Only if the somatotroph cell population is intact. CJC-1295 No DAC and ipamorelin require functional GHRH and ghrelin receptors on anterior pituitary somatotrophs to produce GH release — they do not bypass pituitary function. In models with complete somatotroph depletion (surgical hypophysectomy, radiation-induced pituitary failure), dual-pathway protocols will not produce measurable GH elevation. In models with partial pituitary impairment, GH response may be blunted but not absent.

What is the shelf life of lyophilised CJC-1295 No DAC and ipamorelin?▼

Lyophilised (freeze-dried) peptides stored at −20°C in sealed sterile vials remain stable for 24–36 months. Once reconstituted with bacteriostatic water, CJC-1295 No DAC is stable for approximately 7–10 days at 2–8°C, and ipamorelin for 14–21 days under the same conditions. Reconstituted peptides should never be refrozen — ice crystal formation during the freeze-thaw cycle causes irreversible protein denaturation.
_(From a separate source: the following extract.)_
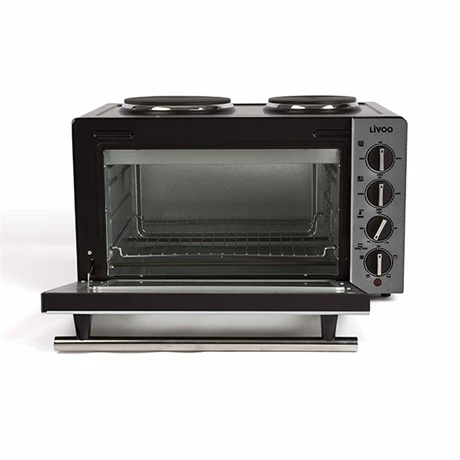 Le mini four d’une capacité de 30 L est doté de 2 plaques électriques pour vous permettre d’optimiser vos espaces tout en profitant de la cuisson au four et à la poêle ! Complet, ce four dispose de 5 modes de cuisson ainsi que de la cuisson à chaleur tournante pour réussir à coup sûr toutes sortes de préparations. Adaptable, ce four dispose de 2 plaques de cuisson indépendantes ainsi que de témoins lumineux de fonctionnement et thermostat réglable jusqu’à 230°C.

Why is bacteriostatic water required instead of sterile water for reconstitution?▼

Bacteriostatic water contains 0.9% benzyl alcohol, which inhibits bacterial growth in multi-dose vials. Sterile water lacks this preservative, so any bacterial contamination introduced during the first draw will proliferate over the 7–21 day use period of reconstituted peptides. Using sterile water for multi-dose peptide vials creates a contamination risk that bacteriostatic water eliminates — making it the standard reconstitution medium for research-grade peptides.